Open wzrdtales opened 1 year ago
edit just up and down is enough to get stuck. so this is a problem with rdma in general as is it seems
tested the other releases, this bug exists since the first release 9.2.0 and was never fixed also not in 9.2.4
I test wise decremented the counter before the event
This fixes this issue, but wasn't able yet to debug why this decrement is never called. Indeed it really never does so, we had a server sitting for a week in that state.

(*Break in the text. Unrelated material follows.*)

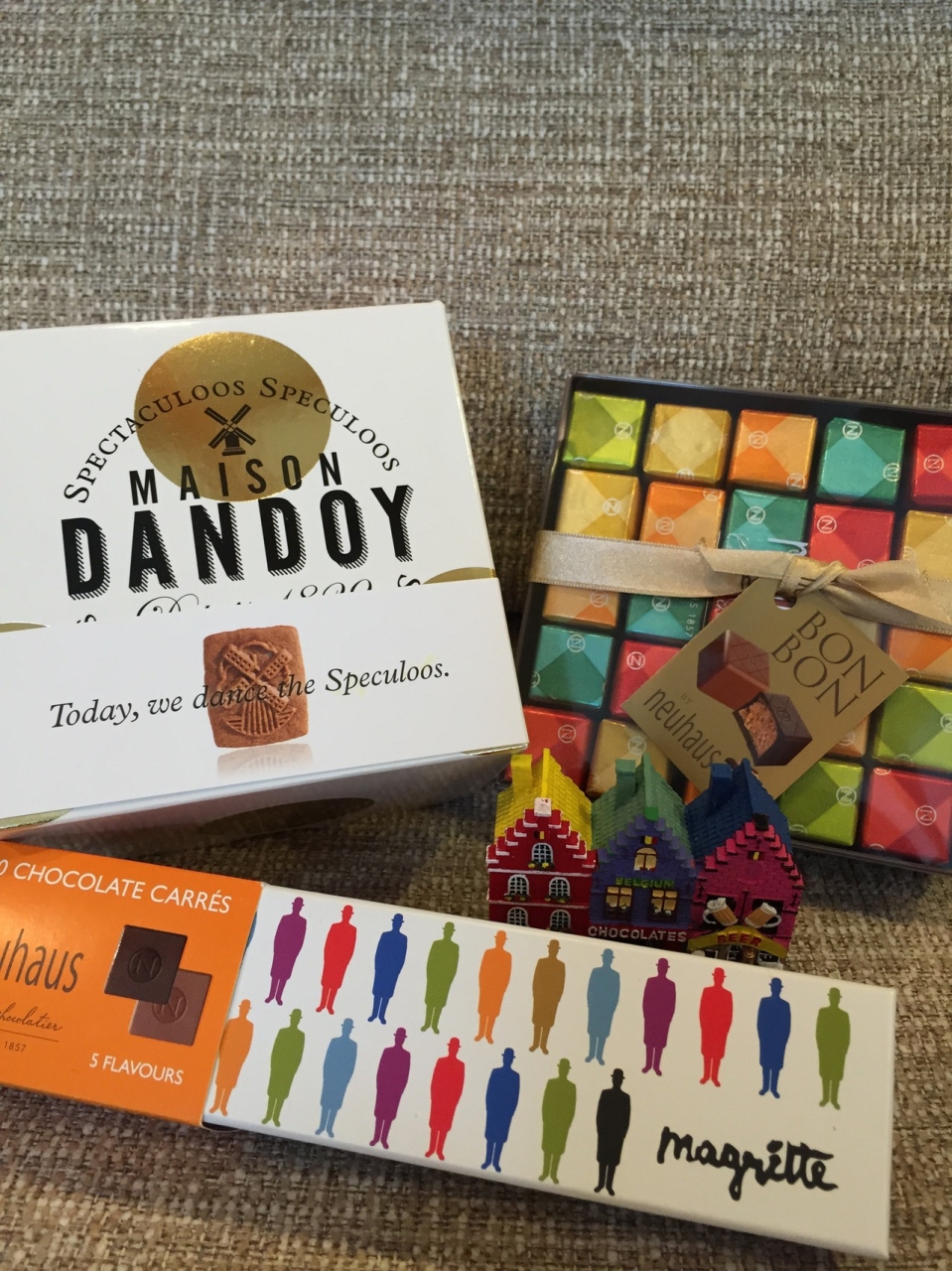 ユーロスターのチェック時間まで2時間ほどだったので、ロッカーにスーツケース(サイズにより3から5ユーロまで有り、日本に比べでかなり大きめ)を預けて、スーパーでお土産を物色し、ゴディバやノイハウスなどの専門店のチョコを集めた土産物屋に寄り、残った時間でフリッツを食べビールを飲むことが出来ました。

maybe @rck can help out from here?
when a connection is made it will again get stuck in the same position, with higher cm_counts. When a connection is cut unexpectedly (we simulated a crash), we end up with the same situation. Those things are not being freed anymore, it is just stuck.

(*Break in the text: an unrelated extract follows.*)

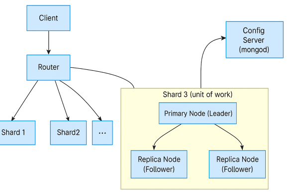 To put it more simply, look at it from the lense of “unit of data” handled in the system. In Leader-Follower model (like MongoDB), a single unit of data goes to a single node. If you look at the Leader-Follower cluster like Mongodb, it would look something like below, where there are shards, and each shard has a single Leader (Primary) and multiple Followers (Replicas). The important thing to note here is, “unit of data”, maps to a single node.

further debugging shows, there are deeper problems with the rdma driver. The whole system will eventually lock up after some while blocking any further file reads.
update:
https://github.com/LINBIT/drbd/blob/460cfc1025ba5abb63ac9ed2895d6cec178bb39c/drbd/drbd_transport_rdma.c#L572
this is the line it gets stuck.
drbd with rdma gets stuck when disconnecting a resource in sync
here are the logs we could retrieve:
drbd version: 9.2.2
to reproduce
setup rdma synced disk. setup first node, setup second node. connect them, disconnect them, try to shut any of the two down. They will be stuck forever and only a hard reboot will release this.